#### [Assignment]
Print this span of the material below exactly: the line with "Металлическое основание потолочной", the line with "柿の枝と葉のあいだに柿の芽が出てきた。", and every line between them, but nothing else.

Material for this exercise Block Start

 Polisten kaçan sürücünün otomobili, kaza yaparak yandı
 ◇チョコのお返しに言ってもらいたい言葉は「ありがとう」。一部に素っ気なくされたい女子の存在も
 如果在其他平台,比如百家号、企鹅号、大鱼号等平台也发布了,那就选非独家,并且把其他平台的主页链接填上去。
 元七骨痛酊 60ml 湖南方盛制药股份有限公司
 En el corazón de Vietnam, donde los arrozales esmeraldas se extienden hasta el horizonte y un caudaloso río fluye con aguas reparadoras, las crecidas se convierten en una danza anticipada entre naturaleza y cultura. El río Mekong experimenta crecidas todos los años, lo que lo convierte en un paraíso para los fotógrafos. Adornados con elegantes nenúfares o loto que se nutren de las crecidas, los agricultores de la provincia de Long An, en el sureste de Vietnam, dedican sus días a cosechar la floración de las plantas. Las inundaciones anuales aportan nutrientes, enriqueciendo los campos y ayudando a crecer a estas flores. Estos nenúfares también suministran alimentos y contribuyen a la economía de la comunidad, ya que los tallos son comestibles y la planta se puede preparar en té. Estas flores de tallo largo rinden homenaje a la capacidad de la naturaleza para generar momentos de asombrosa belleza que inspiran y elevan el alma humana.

Material for this exercise Block End
Material for this exercise Block Start

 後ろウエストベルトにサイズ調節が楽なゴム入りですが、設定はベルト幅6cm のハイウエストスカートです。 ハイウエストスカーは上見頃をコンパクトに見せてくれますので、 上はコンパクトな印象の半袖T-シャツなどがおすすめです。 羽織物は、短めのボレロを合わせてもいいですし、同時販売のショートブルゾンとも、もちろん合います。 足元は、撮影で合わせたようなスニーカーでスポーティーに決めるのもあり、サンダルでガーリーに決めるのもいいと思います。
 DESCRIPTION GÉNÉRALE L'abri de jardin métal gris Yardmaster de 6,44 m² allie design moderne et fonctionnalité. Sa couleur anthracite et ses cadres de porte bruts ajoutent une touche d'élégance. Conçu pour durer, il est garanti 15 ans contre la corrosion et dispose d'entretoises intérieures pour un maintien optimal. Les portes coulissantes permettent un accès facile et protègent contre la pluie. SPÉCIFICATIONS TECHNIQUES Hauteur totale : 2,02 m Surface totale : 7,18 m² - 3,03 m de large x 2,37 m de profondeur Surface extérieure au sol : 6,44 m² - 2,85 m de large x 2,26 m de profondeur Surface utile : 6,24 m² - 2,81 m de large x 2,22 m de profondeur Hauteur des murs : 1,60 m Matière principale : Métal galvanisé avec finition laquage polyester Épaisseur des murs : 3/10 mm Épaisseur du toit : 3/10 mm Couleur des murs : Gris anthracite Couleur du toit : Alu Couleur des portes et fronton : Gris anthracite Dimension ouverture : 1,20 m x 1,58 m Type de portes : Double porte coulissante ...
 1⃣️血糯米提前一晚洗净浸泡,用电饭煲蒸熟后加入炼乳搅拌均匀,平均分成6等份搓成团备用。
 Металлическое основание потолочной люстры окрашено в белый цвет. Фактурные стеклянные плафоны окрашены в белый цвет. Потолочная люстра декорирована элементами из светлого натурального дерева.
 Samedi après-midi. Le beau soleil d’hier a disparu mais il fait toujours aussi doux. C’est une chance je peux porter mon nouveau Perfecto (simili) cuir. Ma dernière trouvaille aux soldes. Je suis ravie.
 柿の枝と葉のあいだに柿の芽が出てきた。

Material for this exercise Block End

#### [Solution for this exercise]
 Металлическое основание потолочной люстры окрашено в белый цвет. Фактурные стеклянные плафоны окрашены в белый цвет. Потолочная люстра декорирована элементами из светлого натурального дерева.
 Samedi après-midi. Le beau soleil d’hier a disparu mais il fait toujours aussi doux. C’est une chance je peux porter mon nouveau Perfecto (simili) cuir. Ma dernière trouvaille aux soldes. Je suis ravie.
 柿の枝と葉のあいだに柿の芽が出てきた。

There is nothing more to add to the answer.